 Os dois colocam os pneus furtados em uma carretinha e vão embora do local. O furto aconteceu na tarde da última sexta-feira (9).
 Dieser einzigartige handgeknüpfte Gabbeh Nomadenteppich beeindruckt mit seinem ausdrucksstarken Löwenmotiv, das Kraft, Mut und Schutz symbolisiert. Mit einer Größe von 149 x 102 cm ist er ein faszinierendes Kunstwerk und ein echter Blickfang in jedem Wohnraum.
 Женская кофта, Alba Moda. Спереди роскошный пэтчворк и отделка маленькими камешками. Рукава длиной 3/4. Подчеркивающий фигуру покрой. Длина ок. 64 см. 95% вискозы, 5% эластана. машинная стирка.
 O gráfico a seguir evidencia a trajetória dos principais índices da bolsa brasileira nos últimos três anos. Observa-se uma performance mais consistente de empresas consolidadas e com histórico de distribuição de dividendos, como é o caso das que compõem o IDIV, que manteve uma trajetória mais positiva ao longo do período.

---

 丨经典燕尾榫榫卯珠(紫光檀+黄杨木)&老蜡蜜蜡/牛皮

- Description of the task
Reprint exactly the lines above that start at the one with "Женская кофта, Alba" and end at the one with "O gráfico a", keeping both and adding none.

- Reply to the exercise
 Женская кофта, Alba Moda. Спереди роскошный пэтчворк и отделка маленькими камешками. Рукава длиной 3/4. Подчеркивающий фигуру покрой. Длина ок. 64 см. 95% вискозы, 5% эластана. машинная стирка.
 O gráfico a seguir evidencia a trajetória dos principais índices da bolsa brasileira nos últimos três anos. Observa-se uma performance mais consistente de empresas consolidadas e com histórico de distribuição de dividendos, como é o caso das que compõem o IDIV, que manteve uma trajetória mais positiva ao longo do período.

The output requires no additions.